### Action item
In the entries that follow, the lines from the one with "Bearbeitung im XXL-Format: Die" through the one with "diese speziell für" are the ones to write out, exactly and with both ends included. Nothing else should appear.

[Dataset entries]
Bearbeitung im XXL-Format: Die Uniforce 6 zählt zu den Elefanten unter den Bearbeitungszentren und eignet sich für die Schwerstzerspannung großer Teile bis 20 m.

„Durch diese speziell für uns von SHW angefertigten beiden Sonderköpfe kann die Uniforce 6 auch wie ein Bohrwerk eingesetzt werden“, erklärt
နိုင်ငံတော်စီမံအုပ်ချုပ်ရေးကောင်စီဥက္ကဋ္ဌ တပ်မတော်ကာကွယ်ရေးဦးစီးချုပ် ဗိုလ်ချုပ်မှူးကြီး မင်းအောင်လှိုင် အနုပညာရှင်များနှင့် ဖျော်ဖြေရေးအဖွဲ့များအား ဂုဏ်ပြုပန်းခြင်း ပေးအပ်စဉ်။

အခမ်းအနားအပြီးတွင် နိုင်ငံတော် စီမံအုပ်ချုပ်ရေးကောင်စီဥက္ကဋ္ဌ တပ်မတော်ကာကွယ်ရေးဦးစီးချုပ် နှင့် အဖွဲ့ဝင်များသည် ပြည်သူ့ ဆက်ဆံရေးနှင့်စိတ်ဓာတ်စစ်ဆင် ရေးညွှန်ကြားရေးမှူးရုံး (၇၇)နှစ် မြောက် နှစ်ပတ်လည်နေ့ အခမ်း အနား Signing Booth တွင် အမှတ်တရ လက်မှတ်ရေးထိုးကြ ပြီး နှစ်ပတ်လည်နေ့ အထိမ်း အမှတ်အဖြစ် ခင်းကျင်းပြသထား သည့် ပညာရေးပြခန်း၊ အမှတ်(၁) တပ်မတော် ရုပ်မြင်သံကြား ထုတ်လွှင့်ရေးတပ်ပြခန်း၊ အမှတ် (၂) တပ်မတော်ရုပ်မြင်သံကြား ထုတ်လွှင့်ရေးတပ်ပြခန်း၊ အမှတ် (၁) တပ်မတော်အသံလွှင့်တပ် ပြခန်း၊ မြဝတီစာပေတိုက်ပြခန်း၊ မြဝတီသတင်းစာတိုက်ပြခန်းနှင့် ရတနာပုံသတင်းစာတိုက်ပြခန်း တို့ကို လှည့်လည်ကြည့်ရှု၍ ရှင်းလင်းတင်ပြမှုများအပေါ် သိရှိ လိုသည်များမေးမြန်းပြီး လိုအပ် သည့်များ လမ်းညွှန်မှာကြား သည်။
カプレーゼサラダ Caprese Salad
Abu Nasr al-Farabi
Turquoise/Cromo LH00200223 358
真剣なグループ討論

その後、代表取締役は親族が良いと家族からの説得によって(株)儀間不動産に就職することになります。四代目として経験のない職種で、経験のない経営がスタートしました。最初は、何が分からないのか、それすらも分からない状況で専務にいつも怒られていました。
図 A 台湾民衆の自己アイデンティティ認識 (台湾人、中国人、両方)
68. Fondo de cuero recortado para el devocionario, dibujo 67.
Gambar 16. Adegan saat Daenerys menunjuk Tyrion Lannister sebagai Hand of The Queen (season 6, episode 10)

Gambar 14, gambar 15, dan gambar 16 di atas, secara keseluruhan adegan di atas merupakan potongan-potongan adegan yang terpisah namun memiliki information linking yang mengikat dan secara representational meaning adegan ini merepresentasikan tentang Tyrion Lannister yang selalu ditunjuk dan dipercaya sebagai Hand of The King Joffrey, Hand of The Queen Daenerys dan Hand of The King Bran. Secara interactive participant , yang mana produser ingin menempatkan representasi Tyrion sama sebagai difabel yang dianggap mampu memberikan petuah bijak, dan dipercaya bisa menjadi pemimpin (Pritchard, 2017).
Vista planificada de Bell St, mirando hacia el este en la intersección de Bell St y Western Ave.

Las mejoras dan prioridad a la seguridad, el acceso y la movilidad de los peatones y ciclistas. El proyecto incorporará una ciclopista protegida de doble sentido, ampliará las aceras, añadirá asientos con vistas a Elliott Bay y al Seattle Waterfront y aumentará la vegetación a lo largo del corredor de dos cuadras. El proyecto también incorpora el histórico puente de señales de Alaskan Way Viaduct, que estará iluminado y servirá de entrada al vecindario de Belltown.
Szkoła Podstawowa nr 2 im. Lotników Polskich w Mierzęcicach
* * *
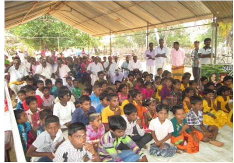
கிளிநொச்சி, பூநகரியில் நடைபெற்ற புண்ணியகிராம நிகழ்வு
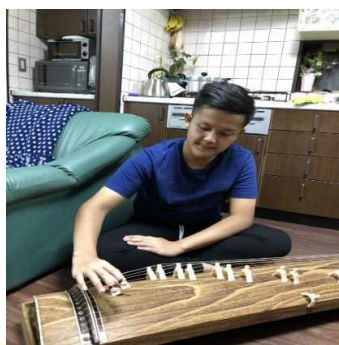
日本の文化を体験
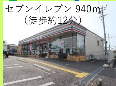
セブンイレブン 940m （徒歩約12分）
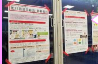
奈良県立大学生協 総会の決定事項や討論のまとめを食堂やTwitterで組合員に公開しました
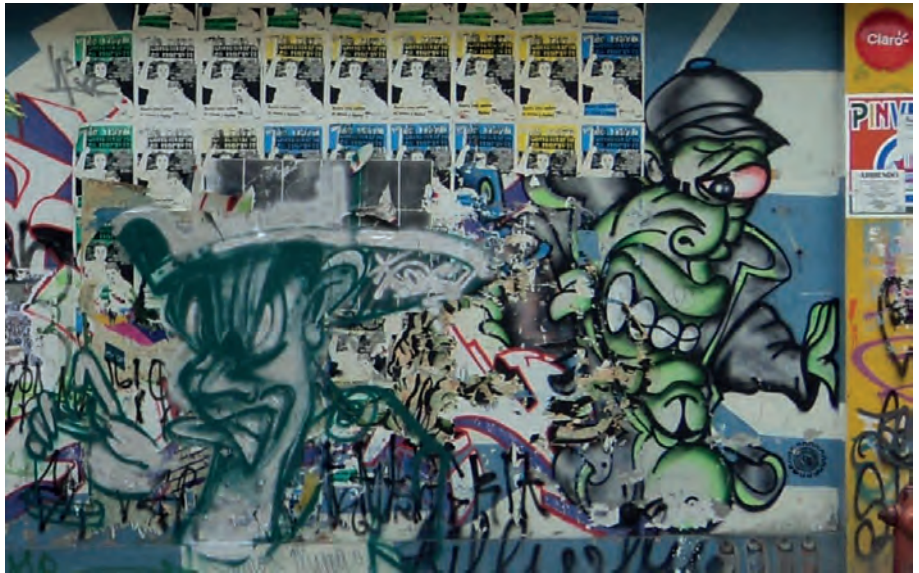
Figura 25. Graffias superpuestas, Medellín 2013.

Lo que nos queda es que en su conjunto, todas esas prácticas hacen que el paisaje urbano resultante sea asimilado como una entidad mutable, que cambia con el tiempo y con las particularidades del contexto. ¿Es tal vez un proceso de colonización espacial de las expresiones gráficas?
* * *
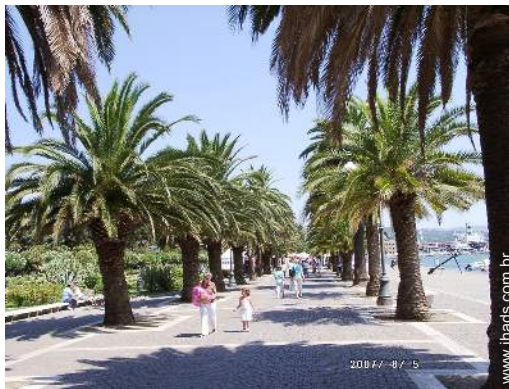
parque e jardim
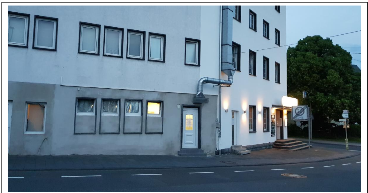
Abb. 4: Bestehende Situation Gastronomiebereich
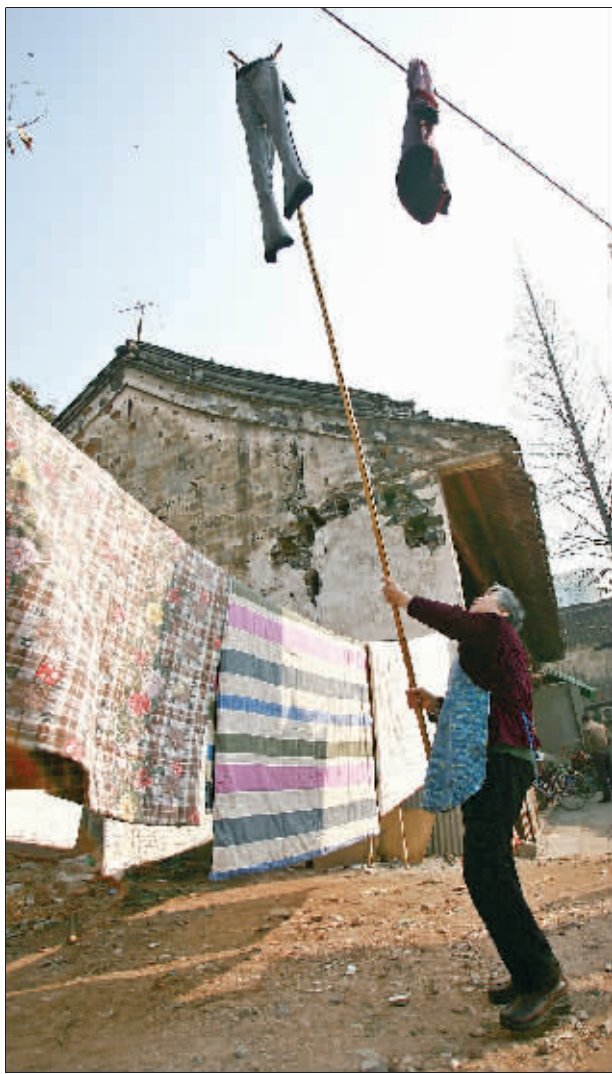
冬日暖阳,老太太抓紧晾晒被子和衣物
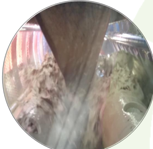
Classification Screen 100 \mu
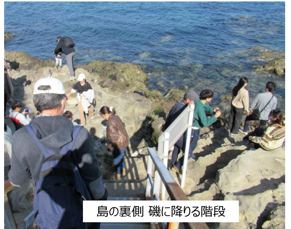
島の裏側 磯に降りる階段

### Exercise output
Bearbeitung im XXL-Format: Die Uniforce 6 zählt zu den Elefanten unter den Bearbeitungszentren und eignet sich für die Schwerstzerspannung großer Teile bis 20 m.

„Durch diese speziell für uns von SHW angefertigten beiden Sonderköpfe kann die Uniforce 6 auch wie ein Bohrwerk eingesetzt werden“, erklärt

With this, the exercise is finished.